ベンチプレスでは、バーを胸につけることが基本とされることが多いです。

競技として行う場合は、ルール上必要になることもあります。

しかし、一般的な筋トレや健康目的であれば、痛みを我慢してまで胸につける必要はありません。

肩の柔軟性や胸郭の形、腕の長さによっては、深く下ろすほど肩の前側に負担がかかる人もいます。

その場合は、

  • 可動域を少し浅くする
  • ダンベルプレスに変える
  • フロアプレスにする
  • プッシュアップに変える
  • マシンチェストプレスにする

といった調整も選択肢です。

筋トレの目的は、特定の種目にこだわることではありません。

痛みなく胸を鍛えられる方法を選ぶことが大切です。

肩が痛いときにやってはいけないこと

肩が痛いときに一番避けたいのは、痛みを無視して同じフォームで続けることです。

特に、

  • ウォームアップしても痛い
  • 重量を下げても痛い
  • バーを下ろすたびにズキッとする
  • ベンチ後も肩の痛みが残る
  • 日常生活でも腕を上げると痛い

このような場合は、いったんベンチプレスを中止または変更した方がよいです。

肩峰下痛に対する保存療法では、運動療法が第一選択として推奨されていますが、痛みを悪化させる動作を無理に続けることはおすすめできません。運動療法は、痛みを見ながら段階的に行う必要があります。(日本理学療法士協会)

肩を守るための代替種目

ベンチプレスで肩が痛い場合、無理にバーベルにこだわる必要はありません。

代替種目としては、以下があります。

  • ダンベルプレス
  • インクラインを浅めにしたダンベルプレス
  • マシンチェストプレス
  • 腕立て伏せ
  • フロアプレス
  • ケーブルフライ
  • ニュートラルグリップのプレス

ダンベルプレスは、手の角度を調整しやすいため、肩に合うポジションを探しやすいです。

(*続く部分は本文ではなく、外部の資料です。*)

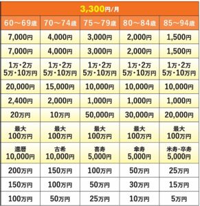 『65歳~70歳』『70歳~80歳』『80歳~85歳』それぞれ3つの期間に分かれています。

フロアプレスは可動域が制限されるため、肩の前側への負担を減らしやすいことがあります。

マシンチェストプレスは軌道が安定しているため、初心者や肩に不安がある人にも使いやすいです。

肩を痛めないためのチェックポイント

ベンチプレスで肩を守るためには、次のポイントを確認しましょう。

  • グリップ幅が広すぎないか
  • 肘が真横に開きすぎていないか
  • 肩甲骨を寄せて下げられているか
  • 肩がすくんでいないか
  • バーを首に近い位置へ下ろしていないか
  • 胸を張れているか
  • 痛みがあるのに重量を上げていないか
  • ウォームアップをしているか

特に、肩の前側が痛い人は、

グリップ幅・肘の角度・肩甲骨・バーの位置

の4つを見直すだけで、痛みが軽くなることがあります。

まとめ

ベンチプレスは、胸を鍛える非常に優れたトレーニングです。

しかし、フォームや負荷が合っていないと、肩を痛める原因になります。

肩を壊しやすい人の共通点は、

  • グリップ幅が広すぎる
  • 肘が真横に開きすぎる
  • 肩甲骨が安定していない
  • バーを首に近い位置へ下ろす
  • 肩が前に出たまま押している
  • 重量を急に上げる
  • 痛みを無視して続ける

ことです。

肩を守るためには、

  • 肩甲骨を寄せて下げる
  • 胸を張る
  • 肘を開きすぎない
  • グリップ幅を調整する
  • バーを下ろす位置を見直す
  • 痛みのない可動域で行う
  • 必要なら代替種目に変える

ことが大切です。

ベンチプレスは、重さを競うだけの種目ではありません。

肩を守りながら、大胸筋にしっかり負荷を入れること

が重要です。

肩の痛みを我慢して続けると、長期間トレーニングできなくなることもあります。

痛みがあるときほど、無理に重量を追わず、フォームと負荷を見直しましょう。

筋トレは、ケガをしないで続けられる人が最終的に一番強くなります。